Is the TOAST Classification Suitable for Use in Personalized Medicine in Ischemic Stroke?

Round 1

Reviewer 1 Report

The author present an evaluation of 99 stroke patients with regard to TOAST classification and some measures of large and small vessel disease. They conclude that imaging characteristics of small vessel disease and other markers of large and small vessel disease are present among all TOAST subgroups. According to the authors, TOAST criteria are insufficient in determining stroke etiology. Other subclassification systems of stroke etiology are discussed briefly. 

 

There are several limitations to the study, some of which have been mentioned by the authors.

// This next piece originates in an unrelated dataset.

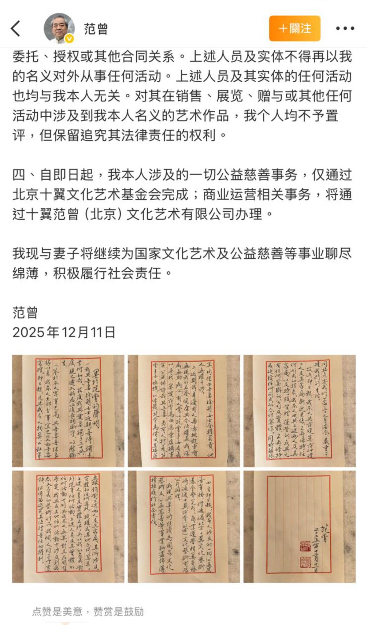ฟ่าน เจิง ศิลปินดังระดับตำนานประกาศมอบอำนาจให้ภรรยารุ่นหลานที่อายุห่างกัน 50 ปี ดูแลทรัพย์สินแต่เพียงผู้เดียว พร้อมตัดพ่อตัดลูกกับทายาทคนโตและลูกเลี้ยง หลังเกิดดราม่า ! กล่าวหาเรื่องยักยอกงานศิลปะและกักขังหน่วงเหนี่ยว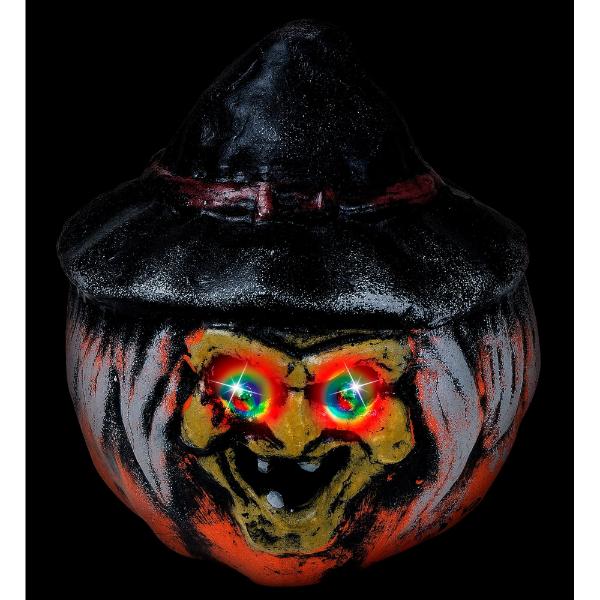 12 in stockWitch Pumpkin With Hat & Color Changing Led Light Eyes - 19cm x 22cm

687 patients were screened but only 99 were included. Unfortunately, 118 patients were excluded due to limited inclusion resources. The exclusion of more than three quarters of patients that were candidates for inclusion might have introduced considerable bias. The study size is rather limited which limits statistical power. There has obviously been no prior statistical power calculation to estimate the necessary sample size. Severe strokes and demented patients were excluded which limits generalizability of their findings.

Included strokes were “clinically verified”. This seems to imply that some of them had no imaging correlates. If so, how many of them?

As only few patients underwent echocardiography und ECG monitoring was limited to 48 hours, some cases of cardioembolic etiology might have been missed.

The reactive hyperemia index has been used in relatively few acute stroke studies. Although two recent studies found an association of RHI with incident stroke or cryptogenic stroke in men or patients > 41 years, it is possible that acute stroke introduces further changes in RHI. Longitudinal studies would clarify this point.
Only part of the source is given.